Pas trop de caféine!

Le but est donc de ne pas trop consommer de café, ou plus précisément de caféine. Le problème, c’est qu’il faut s’entendre sur ce que contient une tasse de café. Une étude publiée en 2013 par l’Anses (l’Agence française de sécurité sanitaire de l’alimentation) montre par exemple que pour 100 grammes de café, on trouve de 95 à 184 milligrammes de caféine dans les capsules, contre 50 en moyenne pour les machines à filtre.

Autre sujet de préoccupation: le furane, un composé chimique classé comme cancérogène probable, détecté dans toutes les marques de capsules prises en compte dans l’étude. Certes, sa volatilité est très élevée et l’Anses ne tire «aucune conclusion» à ce sujet, mais les chercheurs gardent le furane dans le viseur. En 2011, une étude espagnole constatait en tout cas une quantité de furane de 43 à 146 ng/ml dans les capsules, contre de 20 à 78 ng/ml dans le café filtre, tout en précisant qu’il faudrait s’enfiler 20 tasses pour que le furane contenu dans le café devienne véritablement toxique.

Des idées reçues qui ne se vérifient pas

Le café n’est donc pas sans risque à hautes doses, mais il ne faut pas le diaboliser pour autant, alors que beaucoup de préjugés circulent à son propos. Les études citées ci-dessus permettent déjà de balayer l’idée reçue selon laquelle le café serait mauvais pour le cœur. Il ne fait pas non plus grossir, son apport calorique étant «négligeable», comme le confirme au Parisien la diététicienne nutritionniste Marie-Caroline Baraut, même si évidemment y ajouter du sucre peut changer la donne.

Quant à son impact sur le sommeil, il est variable. Un rapport de l’université d’Édimbourg note qu’au contraire, le café peut améliorer la qualité du sommeil et les performances psychomotrices, mais les personnes les plus sensibles devraient éviter d’en consommer jusqu’à environ six heures avant d’aller au lit.
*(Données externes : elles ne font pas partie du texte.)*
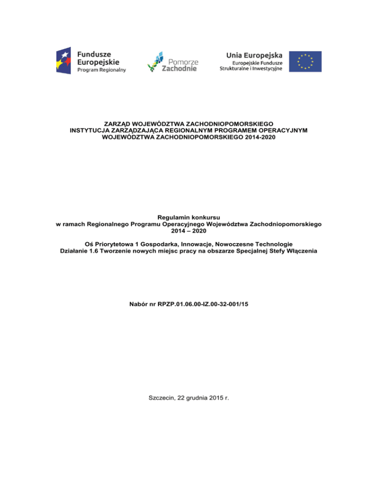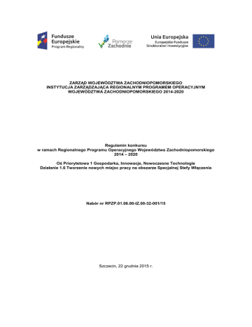 ZARZĄD WOJEWÓDZTWA ZACHODNIOPOMORSKIEGO INSTYTUCJA ZARZĄDZAJĄCA REGIONALNYM PROGRAMEM OPERACYJNYM WOJEWÓDZTWA ZACHODNIOPOMORSKIEGO 2014-2020 Regulamin konkursu w ramach Regionalnego Programu Operacyjnego Województwa Zachodniopomorskiego 2014 – 2020 Oś Priorytetowa 1 Gospodarka, Innowacje, Nowoczesne Technologie Działanie 1.6 Tworzenie nowych miejsc pracy na obszarze Specjalnej Stefy Włączenia Nabór nr RPZP.01.06.00-IZ.00-32-001/15 Szczecin, 22 grudnia 2015 r. Regulamin konkursu w ramach Regionalnego Programu Operacyjnego Województwa Zachodniopomorskiego 2014 – 2020 Działanie 1.6 Spis treści WYKAZ SKRÓTÓW ................................................................................................................................ 4 SŁOWNIK POJĘĆ .................................................................................................................................. 4 PODSTAWY PRAWNE ........................................................................................................................... 5 ROZDZIAŁ 1 PRZEDMIOT KONKURSU I WARUNKI UCZESTNICTWA ............................................. 7 1.1 PRZEDMIOT I FORMA KONKURSU ORAZ INSTYTUCJA ORGANIZUJĄCA KONKURS ..................................... 7 1.2 TYPY PROJEKTÓW ............................................................................................................................ 9 1.3 PODMIOTY UPRAWNIONE DO UBIEGANIA SIĘ O DOFINANSOWANIE ...................................................... 11 ROZDZIAŁ 2 ZASADY FINANSOWANIA ............................................................................................ 16 2.1 KWOTA PRZEZNACZONA NA DOFINANSOWANIE PROJEKTÓW W KONKURSIE ........................................ 16 2.2 MAKSYMALNY POZIOM DOFINANSOWANIA ORAZ MAKSYMALNA KWOTA DOFINANSOWANIA PROJEKTU. .. 16 2.3 ZEWNĘTRZNE ŹRÓDŁA FINANSOWANIA PROJEKTU ............................................................................ 16 2.4 KUMULACJA POMOCY PUBLICZNEJ ................................................................................................... 16 ROZDZIAŁ 3 KWALIFIKOWALNOŚĆ WYDATKÓW .......................................................................... 18 3.1 RAMY CZASOWE KWALIFIKOWALNOŚCI............................................................................................. 18 3.2 OCENA KWALIFIKOWALNOŚCI WYDATKU .......................................................................................... 19 3.3 W ARUNKI KWALIFIKOWALNOŚCI WYDATKU ....................................................................................... 19 3.4 ZASADA FAKTYCZNEGO PONIESIENIA WYDATKU ................................................................................ 19 3.5 ZAKAZ PODWÓJNEGO FINANSOWANIA .............................................................................................. 20 3.6 W YDATKI KWALIFIKOWALNE W DZIAŁANIU 1.6 ................................................................................... 21 3.7 W YDATKI NIEKWALIFIKOWALNE ....................................................................................................... 23 ROZDZIAŁ 4 WSKAŹNIKI .................................................................................................................... 24 ROZDZIAŁ 5 WNIOSEK O DOFINANSOWANIE................................................................................ 28 ROZDZIAŁ 6 TERMIN, FORMA I MIEJSCE SKŁADANIA WNIOSKÓW O DOFINANSOWANIE ..... 31 6.1 TERMIN SKŁADANIA WNIOSKÓW ....................................................................................................... 31 6.2 FORMA I MIEJSCE SKŁADANIA WNIOSKÓW......................................................................................... 31 ROZDZIAŁ 7 PROCEDURA WYBORU PROJEKTÓW ....................................................................... 31 7.1. CZAS TRWANIA OCENY .................................................................................................................. 31 7.2. ZASADY OGÓLNE PROCESU WYBORU PROJEKTÓW ........................................................................... 31 7.2.1 OCENA WSTĘPNA ........................................................................................................................ 33 7.2.2 OCENA MERYTORYCZNA I STOPNIA ............................................................................................... 35 7.2.3 OCENA MERYTORYCZNA II STOPNIA .............................................................................................. 36 7.3 INFORMACJA O WYNIKACH OCENY ................................................................................................... 36 7.4 ŚRODKI ODWOŁAWCZE .................................................................................................................. 36 2/43 Regulamin konkursu w ramach Regionalnego Programu Operacyjnego Województwa Zachodniopomorskiego 2014 – 2020 Działanie 1.6 ROZDZIAŁ 8 PODPISANIE UMOWY O DOFINANSOWANIE ............................................................ 38 ROZDZIAŁ 9 ZASADY DOTYCZĄCE REALIZACJI PROJEKTU ....................................................... 39 9.1 ROZLICZENIE PROJEKTU I WYPŁATA DOFINANSOWANIA ..................................................................... 39 9.2 ZMIANY W PROJEKCIE ..................................................................................................................... 39 9.3 PROWADZENIE WYODRĘBNIONEJ EWIDENCJI KSIĘGOWEJ .................................................................. 40 9.4 PONOSZENIE WYDATKÓW W RAMACH PROJEKTU .............................................................................. 40 9.5 KONTROLA PROJEKTU .................................................................................................................... 41 9.6 TRWAŁOŚĆ PROJEKTU ....................................................................................................................

Il vaut mieux en boire lors des creux du taux de cortisol, l’hormone dite du stress qui tient éveillé, c’est-à-dire notamment en fin de matinée (quatre heures après le réveil) et en début d’après-midi.

À noter aussi que le café a des propriétés antalgiques qui permettent de lutter contre les migraines. En boire tout en prenant des médicaments comme le paracétamol ou l’ibuprofène augmente même leur efficacité de 40%, affirme au Parisien Astrid Nehlig, directrice de recherche à l’Institut national français de la santé et de la recherche médicale (Inserm). Consommer jusqu’à trois tasses de café réduit aussi de 30% le risque de maladies neurologiques, comme l’attestent de nombreuses études depuis les années 1960. Cette boisson aide enfin à la digestion des aliments quand elle est prise après le repas. Un phénomène permis grâce à sa teneur en adrénaline qui aide au bon fonctionnement du cœur. Le sang circule mieux dans le corps et l’appareil digestif s’en retrouve amélioré.